SmallString + raw_svector_ostream combination should be more efficient

A very common code pattern in LLVM is

SmallString<128> S;
raw_svector_ostream OS(S);

OS<< …
Use OS.str()

While raw_svector_ostream is smart to share the text buffer itself, it’s inefficient keeping two sets of pointers to the same buffer:

In SmallString: void *BeginX, *EndX, *CapacityX

In raw_ostream: char *OutBufStart, *OutBufEnd, *OutBufCur

Moreover, at runtime the two sets of pointers need to be coordinated between the SmallString and raw_svector_ostream using raw_svector_ostream::init, raw_svector_ostream::pwrite, raw_svector_ostream::resync and raw_svector_ostream::write_impl.
All these functions have non-inlined implementations in raw_ostream.cpp.

Finally, this may cause subtle bugs if S is modified without calling OS::resync(). This is too easy to do by mistake.

In this frequent case usage the client does not really care about S being a SmallString with its many useful string helper function. It’s just boilerplate code for raw_svector_ostream. But it does cost three extra pointers, some runtime performance and possible bugs.

To solve all three issues, would it make sense to have raw_ostream-derived container with a its own SmallString like templated-size built-in buffer?

To solve all three issues, would it make sense to have raw_ostream-derived
container with a its own SmallString like templated-size built-in buffer?

It can be improved. I am not sure templating the stream itself is the
best option.

I think it is possible to implement a derived class that duplicates
nothing and is not templated.

* The constructor gets passed a buffer (pointer, size) and can handle (null, 0).
* It sets up the base class to write past the existing data, like
raw_svector_ostream does.
* When more data is needed, allocate a new buffer, copy data from the
old one, and update the base class pointers.

A user can then pass a stack allocated buffer to get something like a
raw_svector_ostream.
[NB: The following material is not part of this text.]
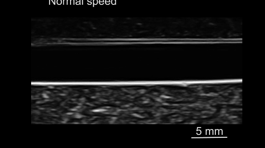 从下图可以看出,磁驱软体鱼可以在超声成像下游过血管。
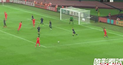46分钟,吴曦头球破门,国足半场6-0领先关岛。

It could pass a null to get a convenient class
that handles all allocations.

Cheers,
Rafael

A very common code pattern in LLVM is

SmallString<128> S;
raw_svector_ostream OS(S);
OS<< ...
Use OS.str()

While raw_svector_ostream is smart to share the text buffer itself, it's
inefficient keeping two sets of pointers to the same buffer:

In SmallString: void *BeginX, *EndX, *CapacityX
In raw_ostream: char *OutBufStart, *OutBufEnd, *OutBufCur

Any reason to believe this inefficiency is significant/important?
Given that these are never in long-lived containers, but generally
just on the stack, it doesn't seem like the extra 3 pointers would be
very costly in terms of overall performance.

Even if the memory overhead is small, they do introduce code complexity in coordinating the SmallString and raw_svector_ostream and much runtime cost:

raw_ostream::write() calls raw_svector_ostream::write_impl() and raw_ostream::copy_to_buffer().

raw_svector_ostream::write_impl() calls OS.reserve and SetBuffer.
SetBuffer calls SetBufferAndMode(). testing the BufferMode for every time and writing these three pointers.

Every function has several code paths, adding to complexity and runtime cost. Due to this complexity, there are additional tests in raw_ostream::write() callers trying to take shortcuts to avoid calling write_impl()… these tests also take time.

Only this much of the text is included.